BMJ Glob Health. 2024 Nov 4;9(11):e014806. doi: 10.1136/bmjgh-2023-014806.

Abstract

INTRODUCTION

China has increased fiscal input into social health insurance (SHI) schemes to achieve universal health coverage. Our study aimed to examine the equity of SHI benefits in the country and five representative provinces over the period of 2014-2020.

METHODS

We analysed nationally and subnationally representative data from four waves (2014, 2016, 2018 and 2020) of the China Family Panel Studies. Benefit relative to consumption was assessed using concentration indices and concentration curves. We compared benefit distribution against health need across consumption quintiles. We further decomposed the change in the concentration index from 2014 to 2020.

RESULTS

The national concentration index for SHI benefit was pro-rich but became substantially less so over time, falling from 0.262 in 2014 to 0.133 in 2020. Poorer quintiles suffered more ill health but received a smaller share of SHI benefits compared with the richer quintiles. All five provinces improved in benefit equity to varying degrees.

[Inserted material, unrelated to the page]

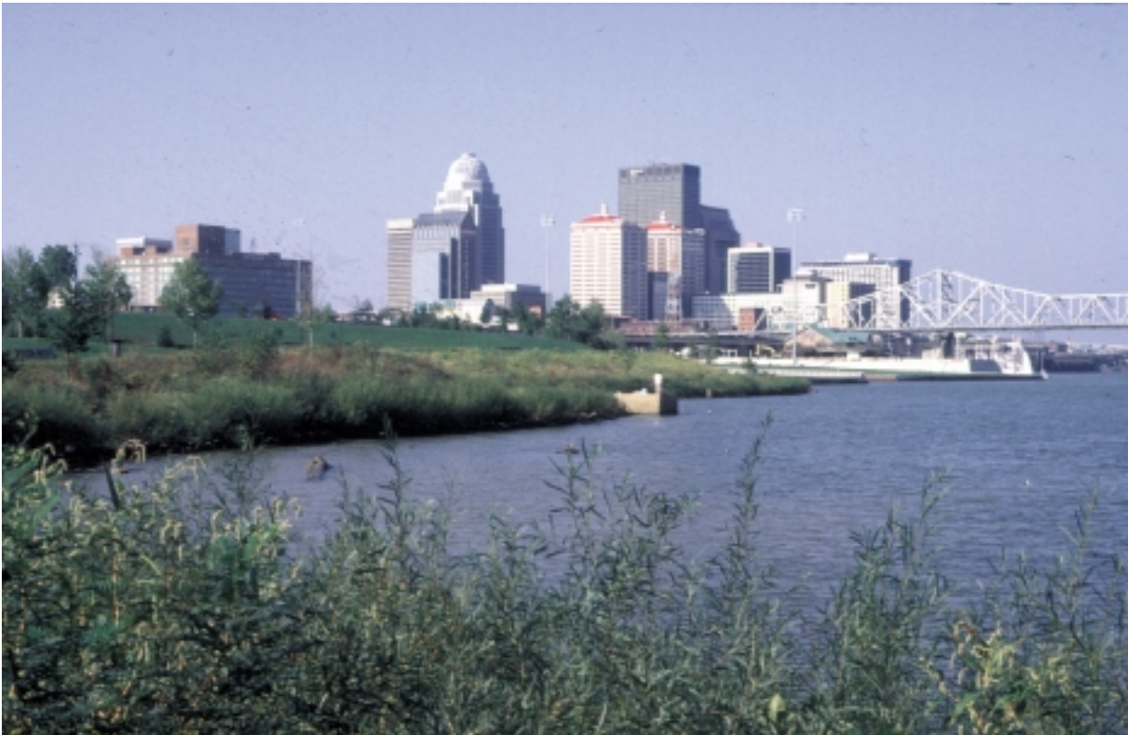
Louisville Waterfront Park

Visit Louisville on the Internet at www.louisville.com .

Reduced disparity between employee and resident schemes, and use of hospitals as the usual source of care, accounted for 44.47% and 14.70%, respectively, of the national improvement in SHI benefit equity.

CONCLUSION

The benefit equity of SHI in China has improved, likely influenced by the narrowing funding gap between resident and employee scheme benefits. However, benefits remained skewed towards the richer groups with lower health need, revealing the resilience of an 'Inverse Benefit Law'. We suggest risk-equalisation of SHI funds and coordinated reform in health financing and service delivery towards a greater focus on primary care.

摘要

简介

中国增加了对社会健康保险 (SHI) 计划的财政投入,以实现全民健康覆盖。我们的研究旨在考察 2014-2020 年期间全国和五个代表性省份的 SHI 福利公平性。

方法

我们分析了四次全国和次国家代表性的中国家庭追踪调查数据(2014 年、2016 年、2018 年和 2020 年)。使用集中指数和集中曲线评估了相对于消费的福利相对值。我们比较了不同消费五分位数的福利分配与健康需求的关系。我们进一步分解了 2014 年至 2020 年期间集中指数的变化。

结果

全国 SHI 福利的集中指数为富裕人群倾斜,但随着时间的推移,这一指数大幅下降,从 2014 年的 0.262 下降到 2020 年的 0.133。较贫穷的五分位数人群健康状况较差,但与较富裕的五分位数人群相比,他们获得的 SHI 福利份额较小。五个省份的福利公平性都在不同程度上有所改善。员工和居民计划之间差距的缩小,以及将医院作为常规医疗服务来源,分别解释了全国 SHI 福利公平性改善的 44.47%和 14.70%。

结论

中国 SHI 的福利公平性有所提高,这可能受到居民和员工计划之间福利差距缩小的影响。然而,福利仍然偏向于健康需求较低的富裕群体,这揭示了“逆福利法则”的韧性。我们建议对 SHI 基金进行风险均等化,并协调卫生融资和服务提供的改革,更加注重初级保健。